> **Exercise description**
In the entries below, find the line with "梦知舞蹈队的大妈们在社区共享空间习舞健身。" and the line with "The co-ordinates of"; reproduce those two lines and all lines between them exactly, without pictures.

> **Data extract**
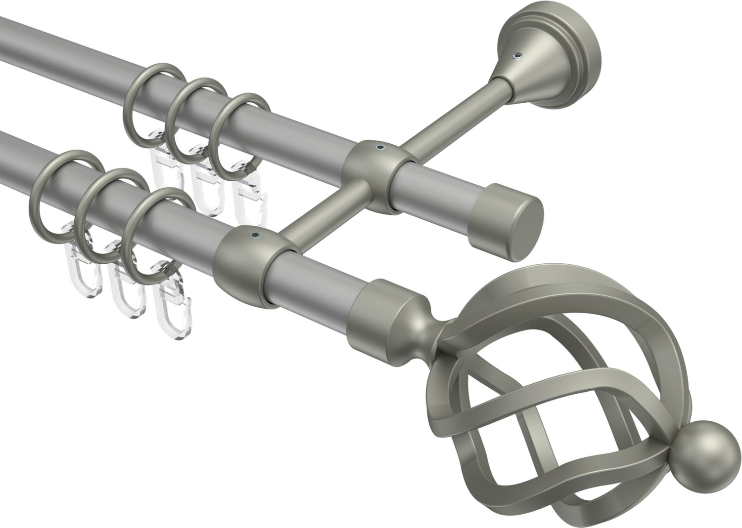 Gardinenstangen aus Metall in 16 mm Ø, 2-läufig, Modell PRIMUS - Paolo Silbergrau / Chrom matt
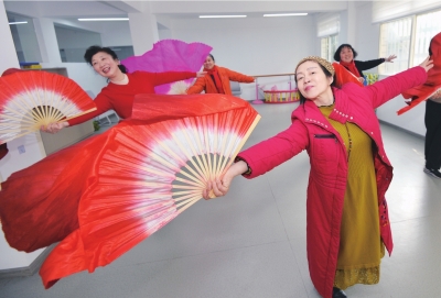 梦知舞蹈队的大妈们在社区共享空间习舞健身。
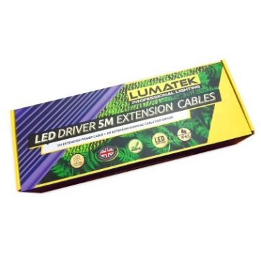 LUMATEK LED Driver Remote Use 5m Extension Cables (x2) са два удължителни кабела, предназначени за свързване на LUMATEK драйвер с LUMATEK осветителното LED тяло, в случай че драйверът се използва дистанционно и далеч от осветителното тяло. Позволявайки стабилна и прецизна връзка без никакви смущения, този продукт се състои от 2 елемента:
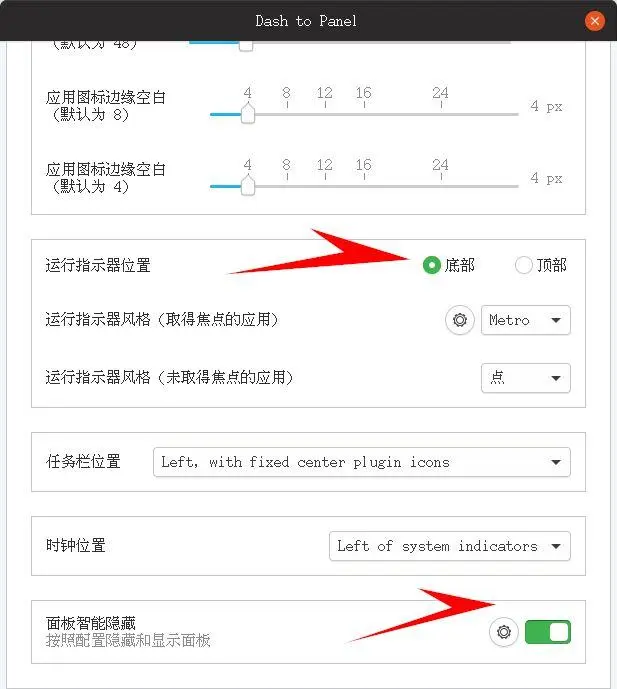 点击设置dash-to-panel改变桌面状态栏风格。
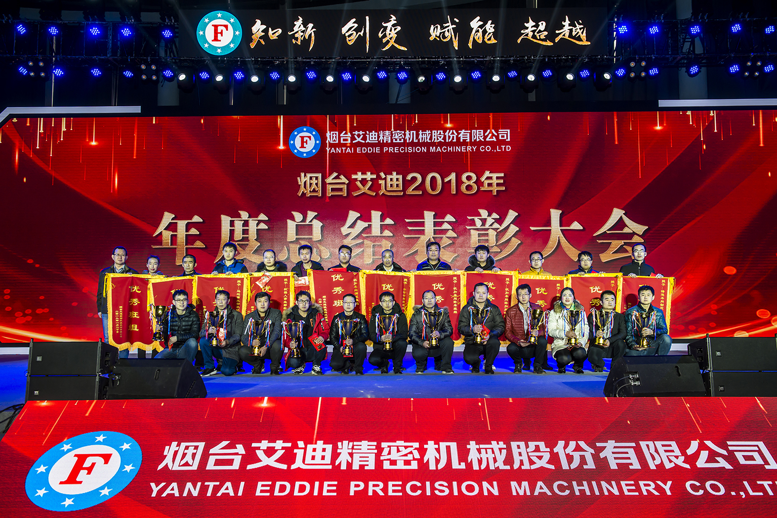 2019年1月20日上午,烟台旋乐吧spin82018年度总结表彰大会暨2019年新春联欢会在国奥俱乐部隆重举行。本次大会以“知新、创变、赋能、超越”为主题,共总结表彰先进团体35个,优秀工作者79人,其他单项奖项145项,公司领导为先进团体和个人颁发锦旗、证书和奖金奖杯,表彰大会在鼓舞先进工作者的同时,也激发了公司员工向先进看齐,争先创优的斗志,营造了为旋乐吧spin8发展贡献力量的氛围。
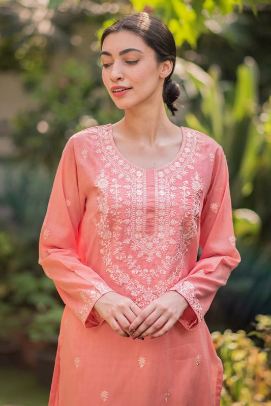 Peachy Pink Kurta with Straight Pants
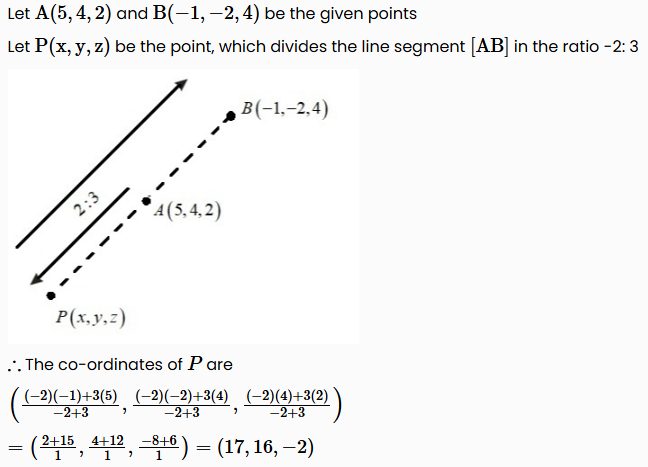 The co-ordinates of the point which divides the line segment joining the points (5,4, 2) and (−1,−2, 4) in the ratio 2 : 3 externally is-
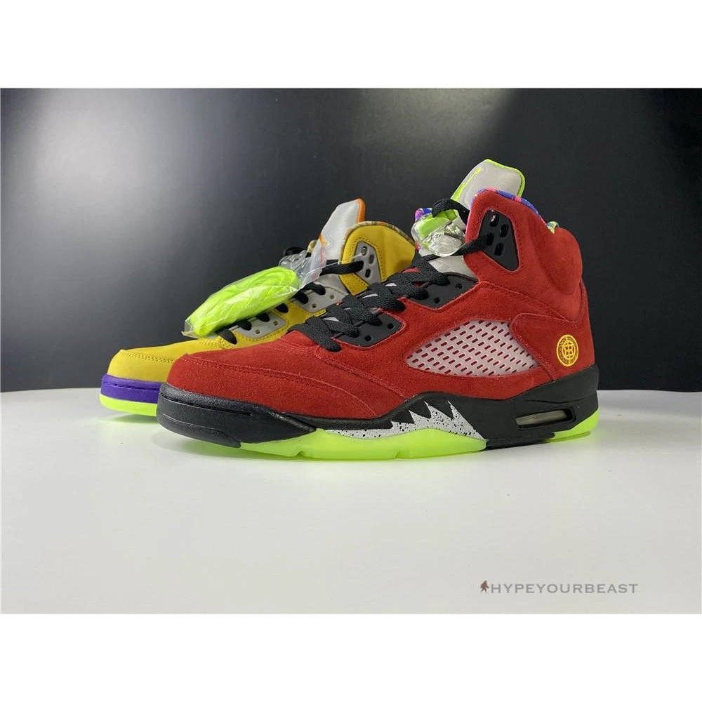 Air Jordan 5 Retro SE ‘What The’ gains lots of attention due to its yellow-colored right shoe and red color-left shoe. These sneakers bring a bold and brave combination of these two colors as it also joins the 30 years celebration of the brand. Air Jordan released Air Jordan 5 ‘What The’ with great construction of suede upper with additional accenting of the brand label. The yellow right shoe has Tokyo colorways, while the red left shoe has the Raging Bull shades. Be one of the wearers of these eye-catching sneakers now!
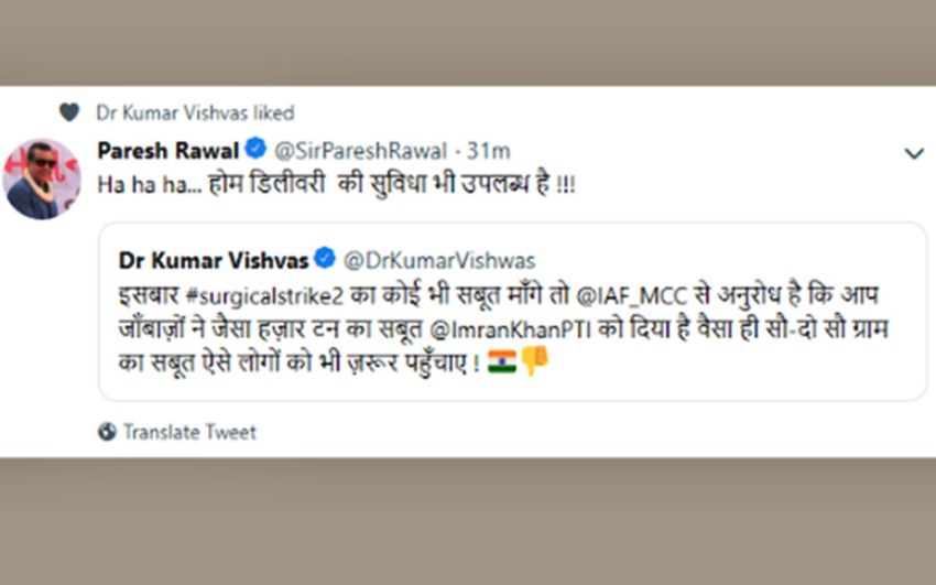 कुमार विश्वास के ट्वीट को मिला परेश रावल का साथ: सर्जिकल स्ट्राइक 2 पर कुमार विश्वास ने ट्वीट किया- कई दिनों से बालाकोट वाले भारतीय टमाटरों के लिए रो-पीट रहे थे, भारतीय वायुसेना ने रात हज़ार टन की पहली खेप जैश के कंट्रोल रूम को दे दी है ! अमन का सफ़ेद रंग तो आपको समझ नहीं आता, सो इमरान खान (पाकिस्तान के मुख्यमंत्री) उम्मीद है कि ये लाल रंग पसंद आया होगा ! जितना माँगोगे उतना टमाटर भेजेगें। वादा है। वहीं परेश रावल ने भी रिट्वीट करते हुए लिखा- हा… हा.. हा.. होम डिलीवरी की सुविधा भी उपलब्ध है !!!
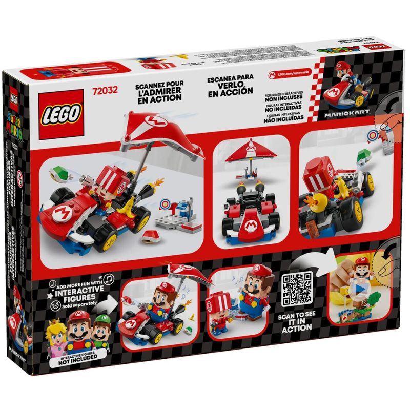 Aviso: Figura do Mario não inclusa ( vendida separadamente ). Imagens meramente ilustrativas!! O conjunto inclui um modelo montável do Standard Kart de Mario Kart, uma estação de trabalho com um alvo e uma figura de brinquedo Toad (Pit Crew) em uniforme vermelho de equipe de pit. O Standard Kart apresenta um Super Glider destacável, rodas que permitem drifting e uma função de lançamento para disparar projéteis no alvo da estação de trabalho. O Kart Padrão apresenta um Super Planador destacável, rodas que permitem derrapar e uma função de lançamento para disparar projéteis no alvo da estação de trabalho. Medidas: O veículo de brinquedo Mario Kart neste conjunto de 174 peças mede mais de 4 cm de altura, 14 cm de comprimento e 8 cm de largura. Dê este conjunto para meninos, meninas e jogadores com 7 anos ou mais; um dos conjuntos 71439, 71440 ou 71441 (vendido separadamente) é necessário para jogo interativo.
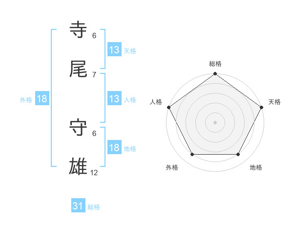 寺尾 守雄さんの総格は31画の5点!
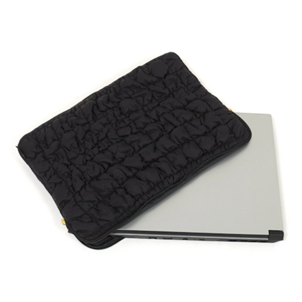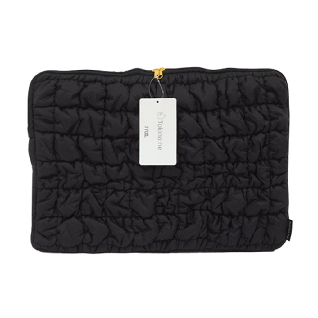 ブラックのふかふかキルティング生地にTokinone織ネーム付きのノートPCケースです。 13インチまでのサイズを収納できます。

> **Your solution**
 梦知舞蹈队的大妈们在社区共享空间习舞健身。
 LUMATEK LED Driver Remote Use 5m Extension Cables (x2) са два удължителни кабела, предназначени за свързване на LUMATEK драйвер с LUMATEK осветителното LED тяло, в случай че драйверът се използва дистанционно и далеч от осветителното тяло. Позволявайки стабилна и прецизна връзка без никакви смущения, този продукт се състои от 2 елемента:
 点击设置dash-to-panel改变桌面状态栏风格。
 2019年1月20日上午,烟台旋乐吧spin82018年度总结表彰大会暨2019年新春联欢会在国奥俱乐部隆重举行。本次大会以“知新、创变、赋能、超越”为主题,共总结表彰先进团体35个,优秀工作者79人,其他单项奖项145项,公司领导为先进团体和个人颁发锦旗、证书和奖金奖杯,表彰大会在鼓舞先进工作者的同时,也激发了公司员工向先进看齐,争先创优的斗志,营造了为旋乐吧spin8发展贡献力量的氛围。
 Peachy Pink Kurta with Straight Pants
 The co-ordinates of the point which divides the line segment joining the points (5,4, 2) and (−1,−2, 4) in the ratio 2 : 3 externally is-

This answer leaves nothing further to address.